Advances in respirator test HFs have been made in recent years. Richardson et al. used a polysilicone skin on both static and articulated HFs in fit-tests of a M40 gas mask.(25) The mask sealing area for the M40 gas mask is much different than that of N95 FFRs, and the material properties of the gas mask are vastly different. For the static HF, FFs obtained at 25 lpm were 220–9300 (geometric mean of 1500); for the articulated HF, FFs of 8000–9000 were observed during two movements of the articulated HF, but only 1000–2000 during recitation of the “rainbow passage.” Golshahi et al. built five static HFs, each surfaced with a different material, according to the anthropometric dimensions of one female test subject; however, none of the HFs achieved N95 FFs comparable to a good fit of the human subject.(26)

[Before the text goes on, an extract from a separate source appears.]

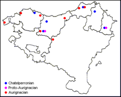 The Evolved Aurignacian is found mainly in Biscay and Gipuzkoa, at the sites of Lezetxiki, Aiztbitaterte IV, Koskobilo, Benta-Laperra, Kurtzia and Lumentxa.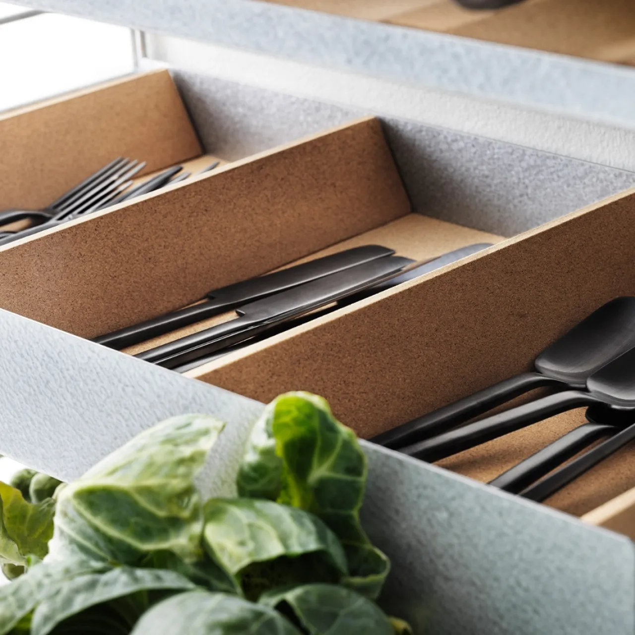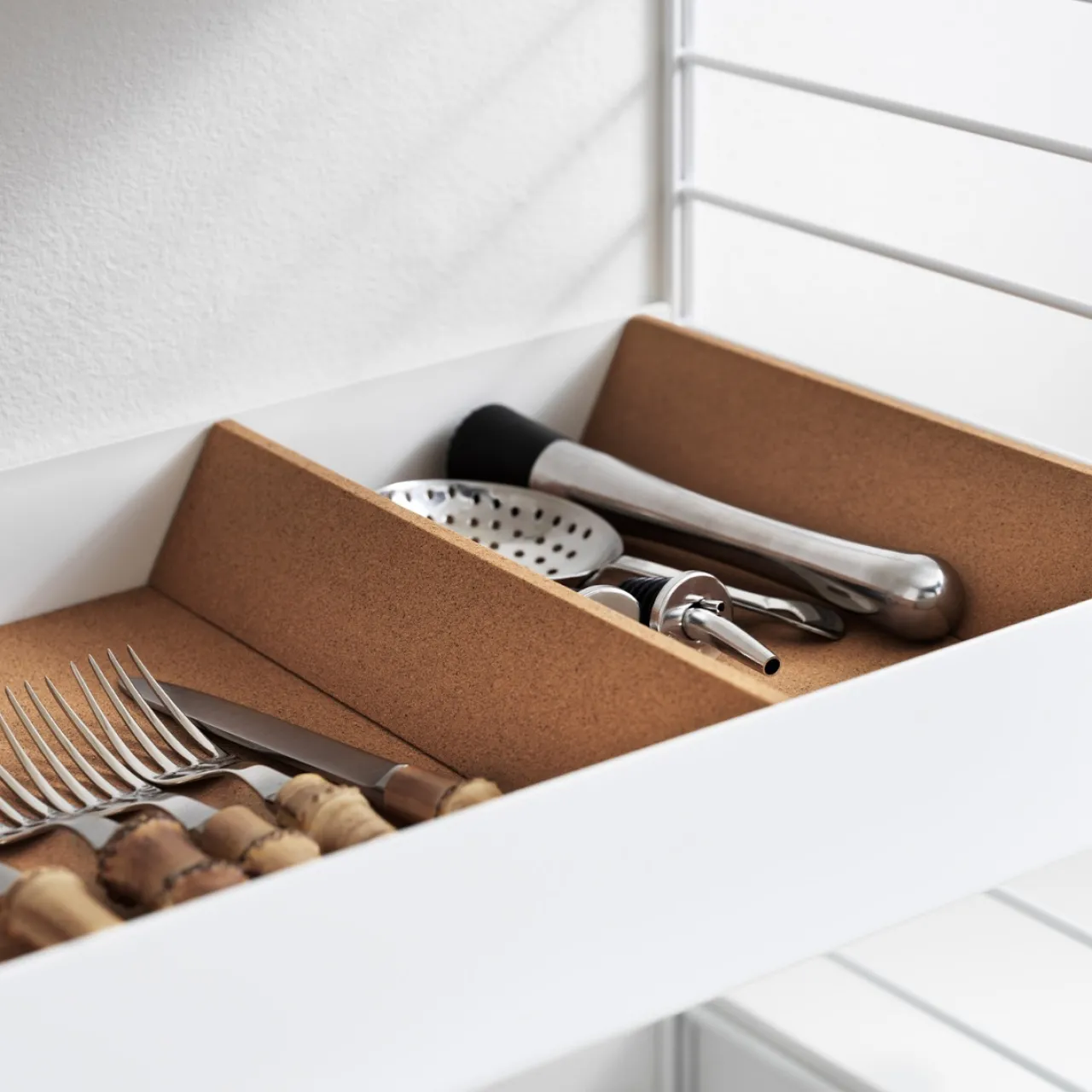 Korkavdelare är en smart tilläggsaccessoar som passar perfekt i köket. Använd dem på Strings underlägg för att enkelt skapa sektioner på metallhyllplanen. Varje avdelare mäter 5,5 cm i bredd, 30 cm i djup och 5 cm i höjd, och varje förpackning innehåller fyra avdelare.

A shortcoming of existing test HFs is their use of solid elastomers—which are less compliant and conformable than the human face(27)—to simulate living facial soft tissues.(25) Human faces are composed mostly of fluids, which deform under stress in ways that solid elastomers cannot.(28) Given the limitations of existing HFs, new HFs are needed to realistically simulate human facial texture and head/facial movements, and to perform the mouth and jaw movements of speech(25); we term such a test headform an “Articulated Advanced Headform (ArtAH).” Ultimately, a validation step will be necessary to statistically correlate FFs from human subjects and ArtAH testing; the correlation of FFs will be dependent upon how closely the ArtAH can simulate a person's dynamic movements during fit-testing, and also simulate the sealing interaction of a respirator to a person's face.

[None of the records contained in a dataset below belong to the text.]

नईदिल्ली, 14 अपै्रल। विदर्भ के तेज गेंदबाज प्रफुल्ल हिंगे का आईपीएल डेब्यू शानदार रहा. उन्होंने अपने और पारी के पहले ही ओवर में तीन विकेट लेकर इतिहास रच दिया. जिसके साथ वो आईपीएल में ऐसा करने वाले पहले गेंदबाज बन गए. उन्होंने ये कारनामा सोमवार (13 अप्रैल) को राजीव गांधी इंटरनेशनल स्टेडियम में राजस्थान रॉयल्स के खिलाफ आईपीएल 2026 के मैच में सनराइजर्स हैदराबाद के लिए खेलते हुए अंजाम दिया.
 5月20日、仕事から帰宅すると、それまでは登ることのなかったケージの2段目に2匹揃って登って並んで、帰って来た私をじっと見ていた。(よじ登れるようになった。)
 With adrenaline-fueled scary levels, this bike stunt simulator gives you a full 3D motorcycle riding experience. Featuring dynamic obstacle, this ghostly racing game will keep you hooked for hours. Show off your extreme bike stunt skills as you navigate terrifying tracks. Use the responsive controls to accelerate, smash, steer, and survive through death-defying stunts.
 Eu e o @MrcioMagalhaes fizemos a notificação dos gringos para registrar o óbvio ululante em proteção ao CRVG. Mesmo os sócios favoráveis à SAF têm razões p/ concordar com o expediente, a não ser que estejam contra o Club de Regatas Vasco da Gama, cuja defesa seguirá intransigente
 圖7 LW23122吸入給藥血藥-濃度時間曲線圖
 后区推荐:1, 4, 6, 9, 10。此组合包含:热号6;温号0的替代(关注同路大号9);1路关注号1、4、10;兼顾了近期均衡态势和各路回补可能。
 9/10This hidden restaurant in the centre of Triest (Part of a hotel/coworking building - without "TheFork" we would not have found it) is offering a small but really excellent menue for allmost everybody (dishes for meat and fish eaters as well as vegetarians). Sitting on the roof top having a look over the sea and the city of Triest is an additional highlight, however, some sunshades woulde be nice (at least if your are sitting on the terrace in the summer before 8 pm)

This report describes the design, construction, and fit factor evaluation testing of a Static (non-moving, non-speaking) Advanced Headform (StAH) whose surface is fabricated from a silicone that simulates human facial tissue and whose facial dimensions are those identified by the NIOSH National Personal Protective Technology Laboratory (NPPTL) as representative of approximately 50% of the U.S. workforce. (29) The fit factor evaluations reported here are an initial validation exercise that will inform the design and construction of a robotic ArtAH capable of simulating the head/facial and speech articulations of a conventional fit-test.
Materials and Methods
Headform Design Specifications
The StAH is of the medium size defined by the NIOSH Principal Component Analysis (PCA) panel.(29) The PCA panel was created using data from a large-scale anthropometric survey of U.S. workers conducted in 2003.(30) Using the first two principal components obtained from a set of 10 facial dimensions (age and race adjusted), the PCA panel divided the user population into five face-size categories (Small, Medium, Large, Long/Narrow, and Short/Wide). These 10 dimensions correlate with respirator fit and leakage and predict the remaining facial dimensions. Respirators designed to fit the PCA panel are expected to accommodate more than 95% of the current U.S. civilian workers.(29)
Frubber (Hanson Robotics, Inc., Plano, Texas) was used as the simulant skin covering. Frubber is a fluid-filled cellular matrix composed of an elastomer that simulates the physics of human facial living soft tissues.(28) Frubber compresses, elongates and otherwise deforms in ways that simulate human skin.(27) The special properties of Frubber are achieved by a hybrid set of techniques that include lipid bilayers at the nanoscale and pore geometries designed to provide enhanced strength, supple flexibility, and elasticity.(31) These techniques may be tuned and combined to simulate a variety of living soft-tissue properties. Frubber was inspired by the chemistry and physics of human soft tissues, in particular the role of surfactants in cell wall formation.(31)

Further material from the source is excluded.